EXERCISE ▸ Give back every record verbatim, but not the pictures.

-- SUPPLIED MATERIAL follows --

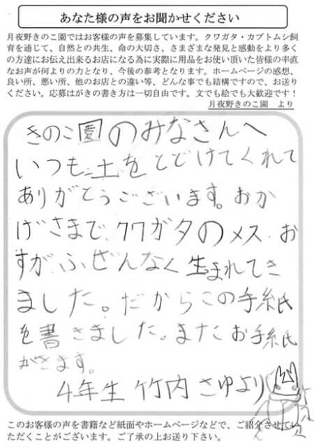 熊本県 竹内 様 発酵Mat X Facebook はてブ LINE Pinterest コピー 2022.09.282025.12.16 いつも土をとどけてくれてありがとうございます。おかげさまで、クワガタのメス・おすがふぜんなく生まれてきました。だからこの手紙を書きました。またお手紙かきます。
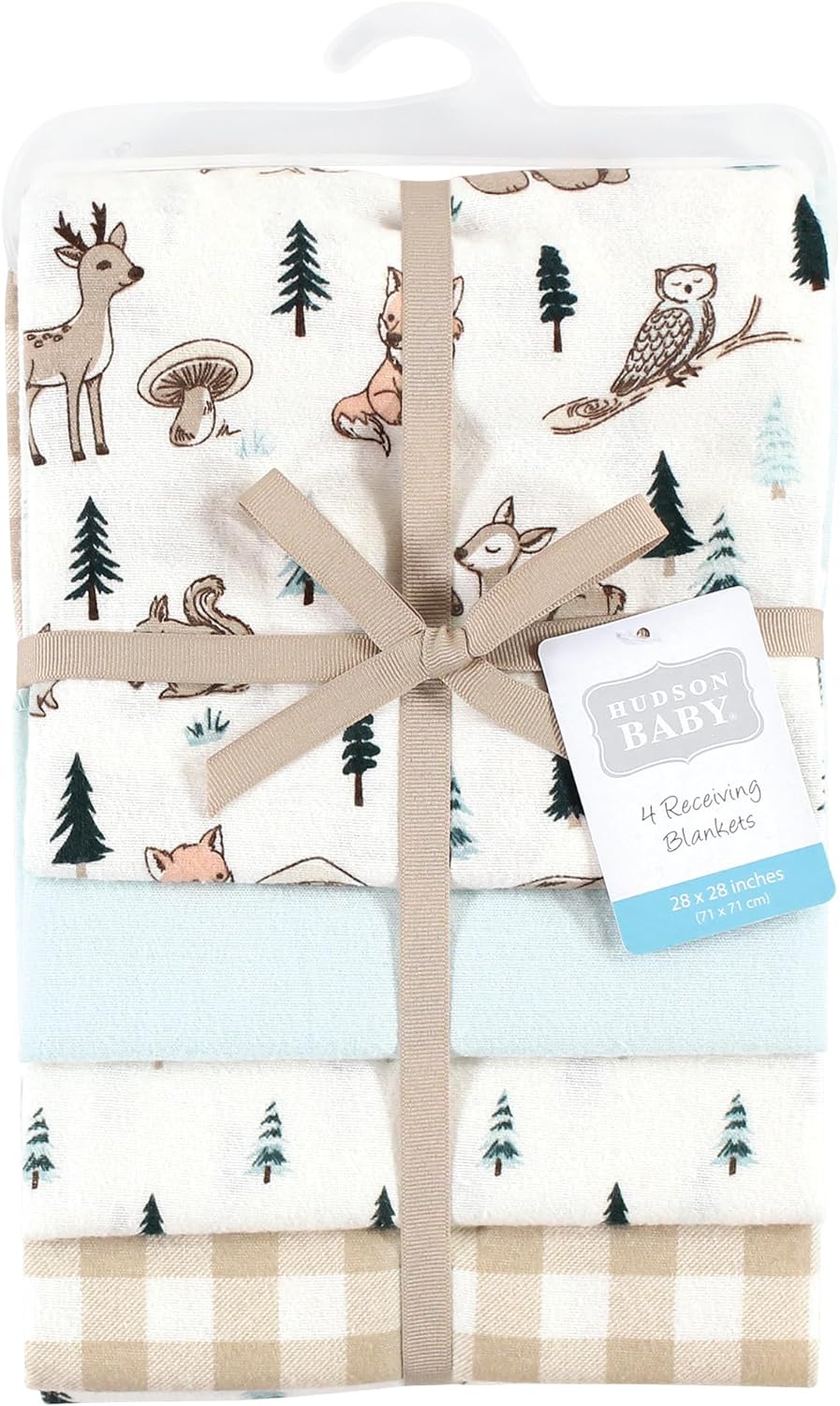 Hudson Baby Unisex Baby Cotton Flannel Receiving Blankets, Eucalyptus, One Size(Boy Woodland Pals One Size)
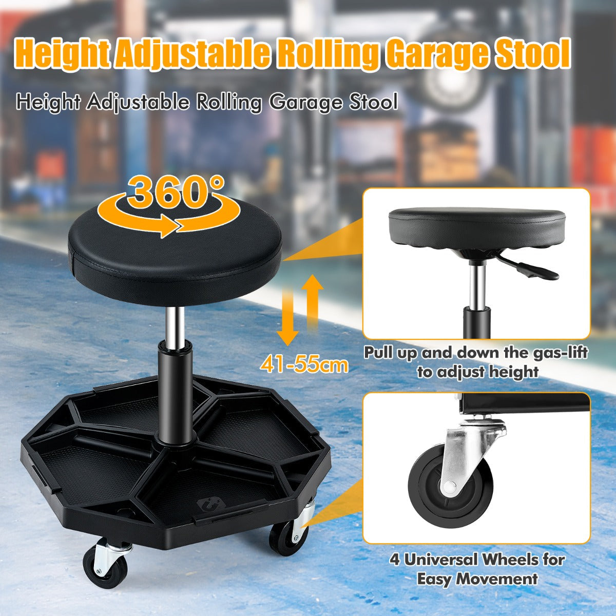 Garage Workshop Creeper Seat with Padded Seat and Tool Tray-Black
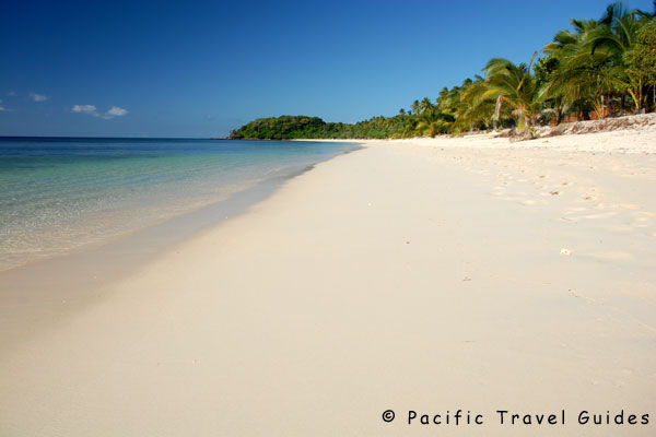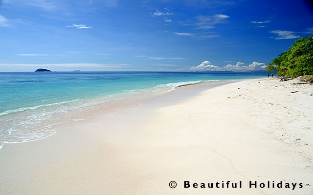 - The Beach: White sand on both sides of island , backed by coconut palms
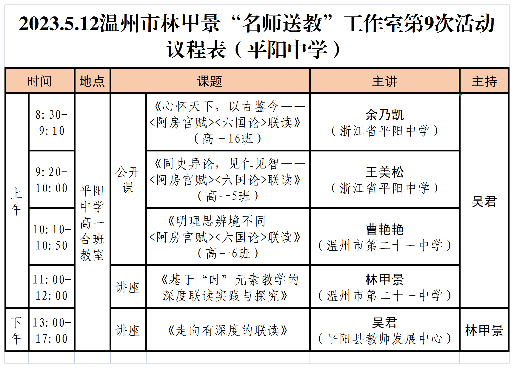 关于举行温州市林甲景“名师送教”工作室第9次活动的通知

-- SUPPLIED MATERIAL concluded --

REPLY ▸
 熊本県 竹内 様 発酵Mat X Facebook はてブ LINE Pinterest コピー 2022.09.282025.12.16 いつも土をとどけてくれてありがとうございます。おかげさまで、クワガタのメス・おすがふぜんなく生まれてきました。だからこの手紙を書きました。またお手紙かきます。
 Hudson Baby Unisex Baby Cotton Flannel Receiving Blankets, Eucalyptus, One Size(Boy Woodland Pals One Size)
 Garage Workshop Creeper Seat with Padded Seat and Tool Tray-Black
 - The Beach: White sand on both sides of island , backed by coconut palms
 关于举行温州市林甲景“名师送教”工作室第9次活动的通知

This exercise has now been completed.